GIVEN RECORDS:
Segment Open

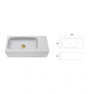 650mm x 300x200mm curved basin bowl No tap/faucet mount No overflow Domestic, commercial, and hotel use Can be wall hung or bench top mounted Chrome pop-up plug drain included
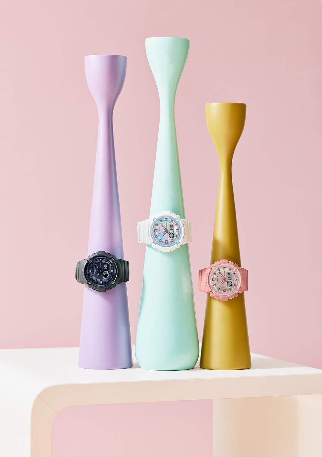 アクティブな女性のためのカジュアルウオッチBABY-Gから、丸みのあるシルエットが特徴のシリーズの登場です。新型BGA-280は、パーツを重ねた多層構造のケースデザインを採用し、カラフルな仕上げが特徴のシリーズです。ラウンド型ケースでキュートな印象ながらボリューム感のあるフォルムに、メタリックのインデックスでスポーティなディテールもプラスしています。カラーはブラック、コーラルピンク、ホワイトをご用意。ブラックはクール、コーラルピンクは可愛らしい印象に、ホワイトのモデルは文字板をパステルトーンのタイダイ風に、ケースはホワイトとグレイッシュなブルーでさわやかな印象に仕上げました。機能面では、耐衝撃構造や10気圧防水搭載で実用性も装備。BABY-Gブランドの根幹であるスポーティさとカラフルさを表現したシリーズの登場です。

Segment Closed
Segment Open

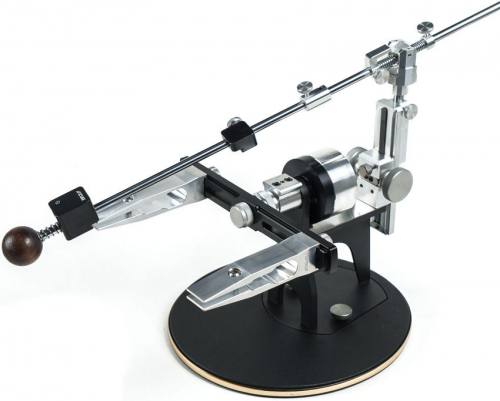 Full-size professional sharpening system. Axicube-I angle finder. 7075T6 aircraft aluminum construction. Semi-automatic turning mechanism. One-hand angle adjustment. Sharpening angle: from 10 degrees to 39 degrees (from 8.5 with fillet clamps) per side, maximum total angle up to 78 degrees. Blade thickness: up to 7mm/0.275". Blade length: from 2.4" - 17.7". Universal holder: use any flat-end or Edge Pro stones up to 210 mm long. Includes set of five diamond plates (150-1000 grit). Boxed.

Segment Closed

TASK: Pictures in the entries do not go into the copy. Print only the lines starting at the one containing "650mm x 300x200mm" and ending at the one containing "アクティブな女性のためのカジ", exactly as they appear.

PROBLEM SOLUTION:
 650mm x 300x200mm curved basin bowl No tap/faucet mount No overflow Domestic, commercial, and hotel use Can be wall hung or bench top mounted Chrome pop-up plug drain included
 アクティブな女性のためのカジュアルウオッチBABY-Gから、丸みのあるシルエットが特徴のシリーズの登場です。新型BGA-280は、パーツを重ねた多層構造のケースデザインを採用し、カラフルな仕上げが特徴のシリーズです。ラウンド型ケースでキュートな印象ながらボリューム感のあるフォルムに、メタリックのインデックスでスポーティなディテールもプラスしています。カラーはブラック、コーラルピンク、ホワイトをご用意。ブラックはクール、コーラルピンクは可愛らしい印象に、ホワイトのモデルは文字板をパステルトーンのタイダイ風に、ケースはホワイトとグレイッシュなブルーでさわやかな印象に仕上げました。機能面では、耐衝撃構造や10気圧防水搭載で実用性も装備。BABY-Gブランドの根幹であるスポーティさとカラフルさを表現したシリーズの登場です。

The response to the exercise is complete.